There’s lots of sex, drugs and rock ‘n roll in the autobiography of Geoff Docherty about his life as a promoter in the late sixties and seventies. And quite a bit of violence chucked in too.
When I visited the North East Beat exhibition last month (see ‘North East Beat’ blog), I saw ‘A Promoter’s Tale’ on sale at the Discovery Museum shop. I knew about the book when it was first published in 2002 but I didn’t buy it at the time.
I was playing in Newcastle bands at the same time that Geoff was around and we knew the same people – Nigel Olsson and Mick Grabham, for instance. But our paths apparently never crossed back then and although I played at the Bay Hotel, one of Geoff’s early venues, I can’t remember ever meeting him.
Anyway, while I was up in the North East last month, my sister loaned me her copy of ‘A Promoter’s Tale’. Once I started reading, I couldn’t put it down and actually finished it in two sittings. It’s a fascinating account of Geoff Docherty’s achievements of bringing top bands to Sunderland and Newcastle at prices the average punter could afford. Geoff gives some graphic accounts of his encounters with some of the hard cases he had to deal with while he was establishing himself as a promoter.

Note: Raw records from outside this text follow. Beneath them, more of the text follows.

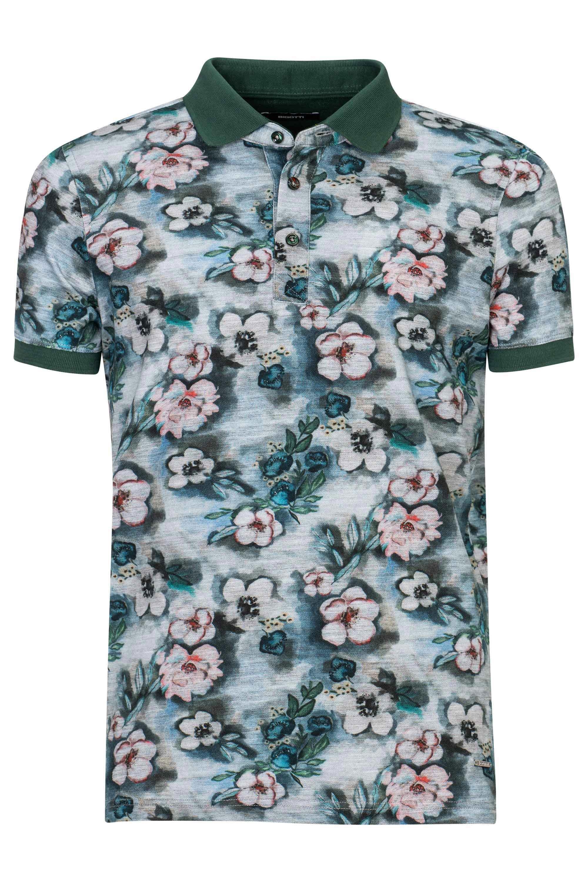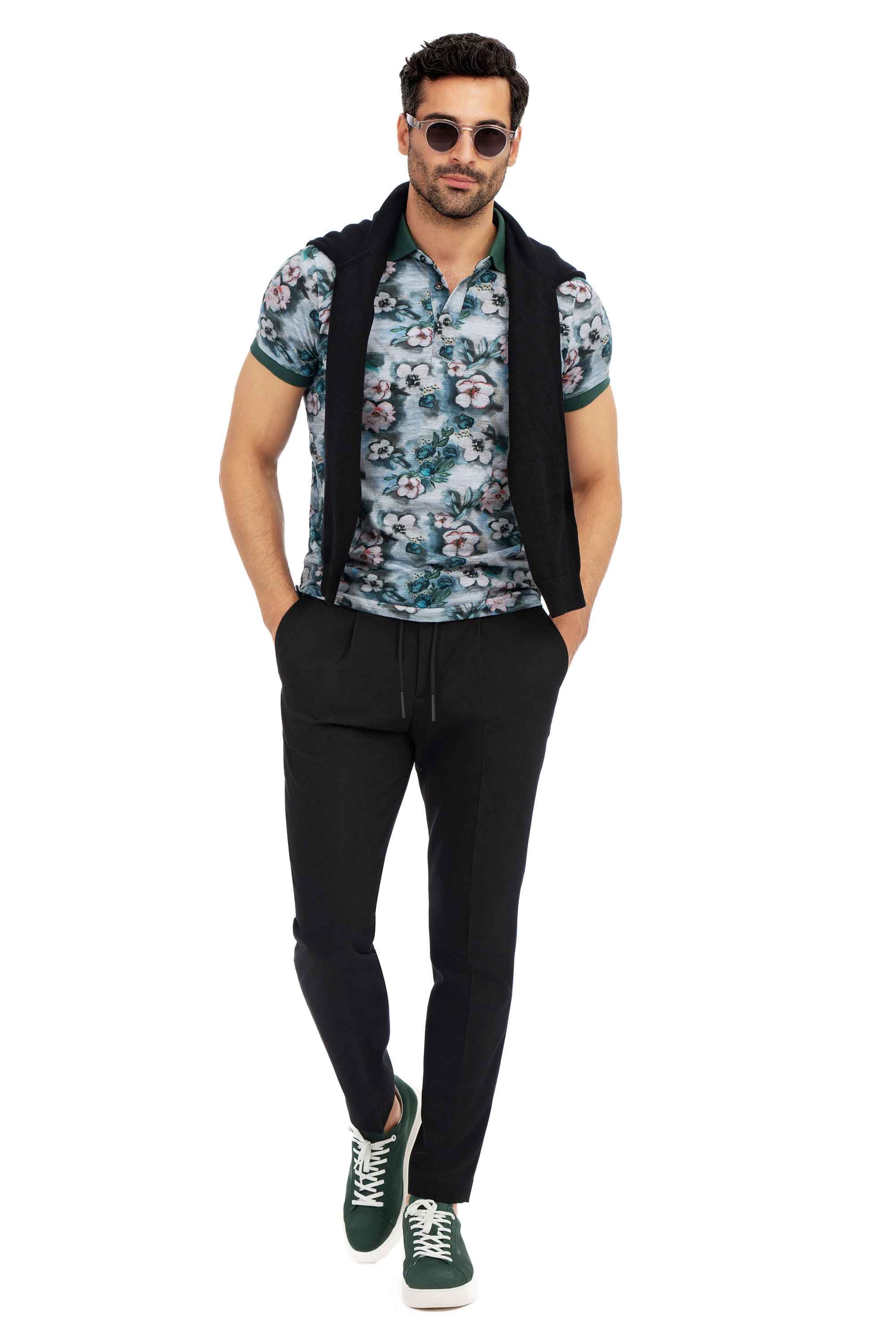 Tricou polo slim gri print floral 1
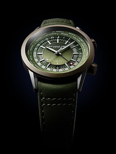 More information about RAYMOND WEIL Freelancer GMT Worldtimer Men's Watch, 24 Cities and Time Zones, Green Dial, Indexes, Green Leather Watch, 41mm (Model: 2765-SBC-52001)
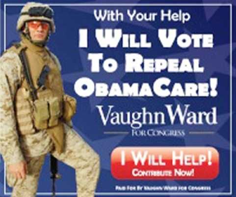 The Marine Corps wrote Ward earlier this month saying his online ad on the Drudge Report website on March 31 and April 1 violated the directive. The ad showed Ward in camouflage and body armor and said, "With Your Help I Will Vote To Repeal ObamaCare!"
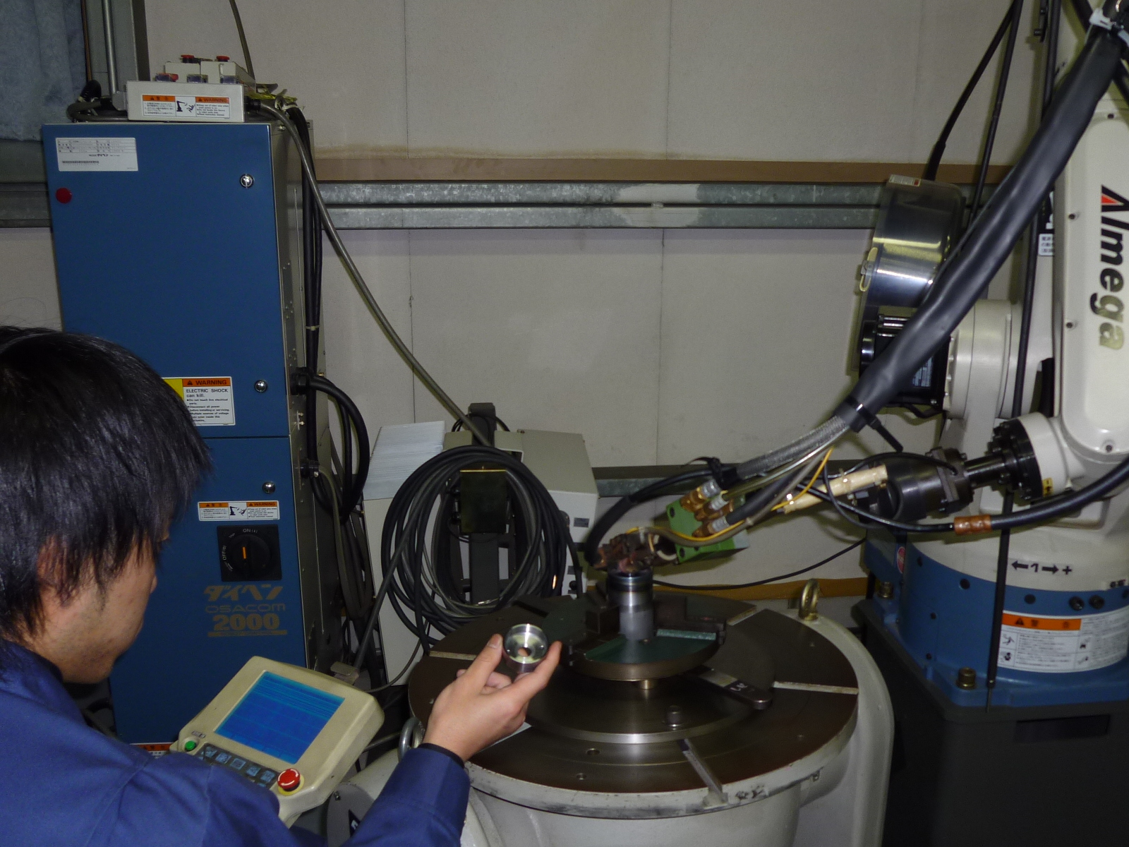 2.ロアキャップを溶接ロボットで溶接します。
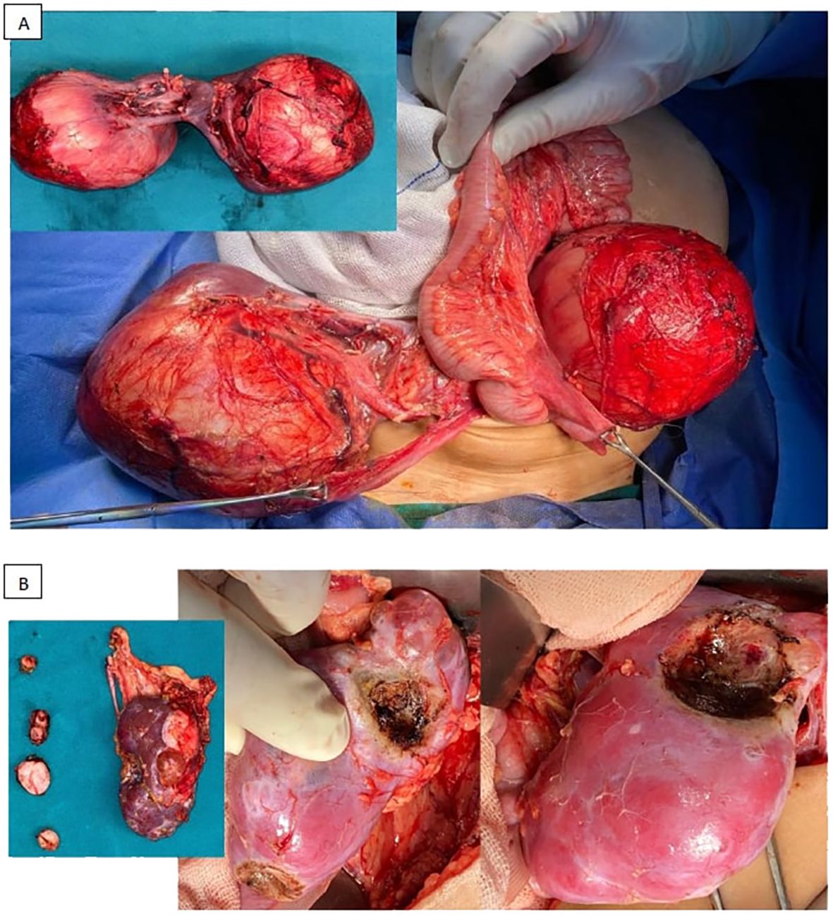 Figure 4. Examples for different surgical approaches [(A) bilateral radical nephrectomies, (B) radical nephrectomy and NSS (in the form of multiple enucleations)].
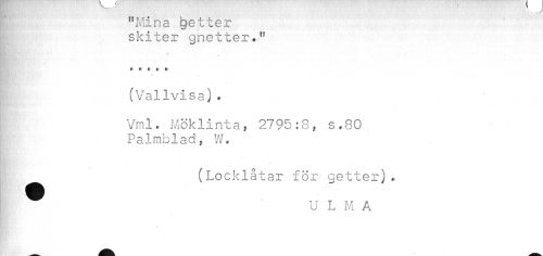 //// "Mina getter //// skiter gnetter." //// p //// * « » i I //// 1 //// t (Vallvisa). //// Vml. Möklinta, 2795:8, s.80 Palmblad, W. //// (Locklåtar för getter). I® U L M A ////
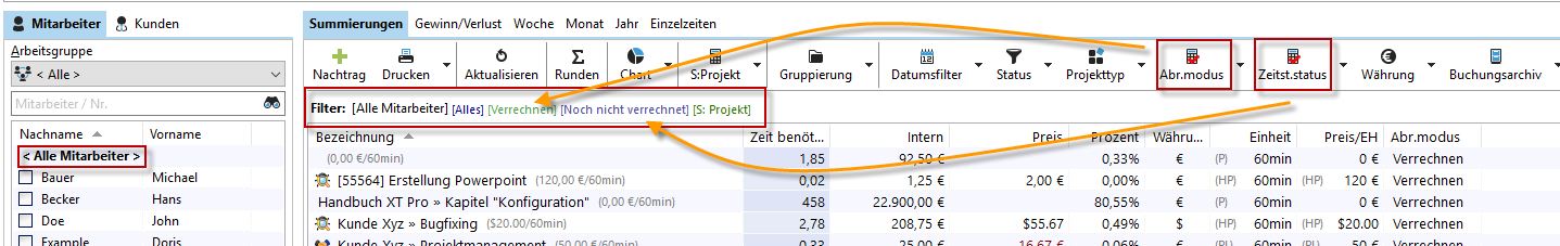 Um sämtliche noch nicht verrechnete Zeitstempel aller verrechenbaren Projekte zu sehen, wird kein Mitarbeiter ausgewählt. Die Filterung soll über "Alle Mitarbeiter" erfolgen. Der Filter des "Abrechnungsmodus" (Abr.modus) wird auf "verrechnen" gesetzt und bezieht sich auf den Abrechnungsmodus des Projekts. Zusätzlich wird der Filter des "Zeitstempelstatus" (Zeitst.status) auf "Nur 'noch nicht verrechnete'" gesetzt und bezieht sich explizit auf den einzelnen Zeitstempelmodus. Setzen Sie die "Summierungen" (S:Projekt) auf "Projekt", damit die Zeiten und Kosten pro Projekt angezeigt werden.

What did surprise me is that he is very modest about his skills in negotiating the appearance of bands like the Who, Free, Led Zeppelin and Country Joe at his venues.
The book itself is another great achievement by Geoff and I would thoroughly recommend it to anyone interested in the North East music scene of the sixties and seventies. I’m even going to buy my own copy after I return the one I read to my sister.